Vendredi 28 mars 2025 Shema Israël !
Évangile de Jésus Christ selon saint Marc (Mc 12, 28b- 34) : «En ce temps-là, un scribe s’avança vers Jésus pour lui demander : « Quel est le premier de tous les commandements ? » Jésus lui fit cette réponse : « Voici le premier : Écoute, Israël : le Seigneur notre Dieu est l’unique Seigneur. Tu aimeras le Seigneur ton Dieu de tout ton cœur, de toute ton âme, de tout ton esprit et de toute ta force. Et voici le second : Tu aimeras ton prochain comme toi-même. Il n’y a pas de commandement plus grand que ceux-là. » Le scribe reprit : « Fort bien, Maître, tu as dit vrai : Dieu est l’Unique et il n’y en a pas d’autre que lui. L’aimer de tout son cœur, de toute son intelligence, de toute sa force, et aimer son prochain comme soi-même, vaut mieux que toute offrande d’holocaustes et de sacrifices. » Jésus, voyant qu’il avait fait une remarque judicieuse, lui dit : « Tu n’es pas loin du royaume de Dieu. » Et personne n’osait plus l’interroger. »
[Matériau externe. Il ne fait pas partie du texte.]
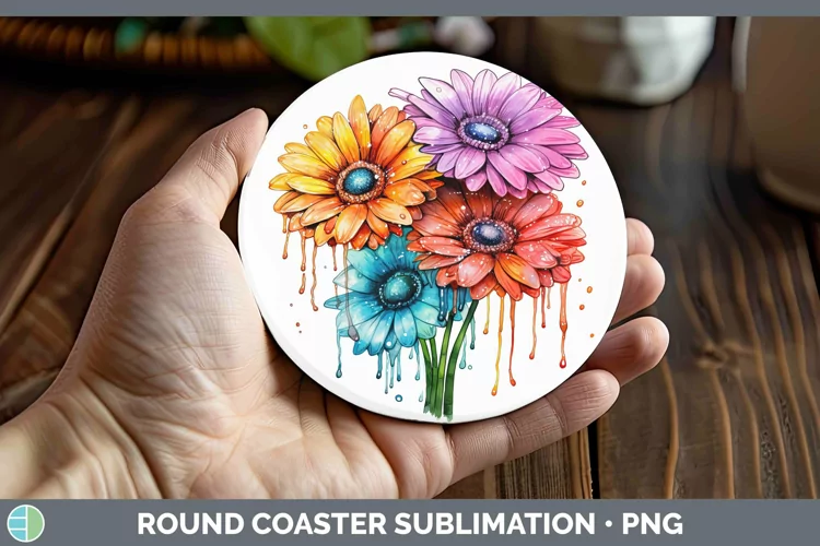 Similar Design Products to Rainbow Flowers Gerbera Daisy Round Coaster Sublimation Coas
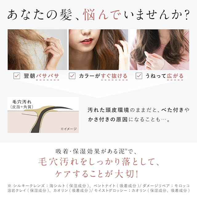 ②吸着&保湿効果のある泥※1配合でかろやかするん髪へ ※1海シルト(保湿成分)、ベントナイト(吸着成分)
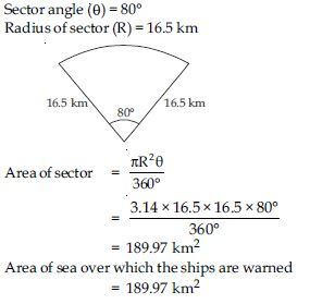 To warn ships for underwater rocks, a lighthouse spreads a red coloured light over a sector of angle 80 to a distance of 16.5 km. Find the area of the sea over which the ships are warned. (Use = 3.14)

Si je vous demande à brûle-pourpoint quel est le premier de tous les commandements, come vous connaissez l’évangile, vous allez me répondre : C’est d’aimer Dieu et son prochain comme soi-même. C’est la base de tout, et ça ne fait qu’un seul commandement. Il faut mener de front des efforts pour aimer Dieu, des efforts pour aimer le prochain quel qu’il soit, et s’aimer soi-même, c’est à dire avoir une juste estime de soi, une bonne confiance en soit en même temps qu’une défiance de soi parce qu’on est capable à tout moment de faire des bêtises. Aimer dans ces trois directions, les trois se conjuguant.
Et si en fait c’était autre chose !? Et si le premier de tous les commandements, la base de tout, c’était d’écouter ? Jésus répond au scribe : Voici le premier : Écoute, Israël. C’est la prière qui a chez nos frères ainés, le Juifs la place que le Notre Père a pour un catholique. C’est l’impératif répété plusieurs fois par jour, répété dans tout l’ancien Testament et rappelé par le Père à la Transfiguration (Celui-ci est mon Fils bien aimé en qui j’ai mis tout mon amour : écoutez-le) et par la Vierge Marie aux noces de Cana (Faites tout ce qu’il vous dira).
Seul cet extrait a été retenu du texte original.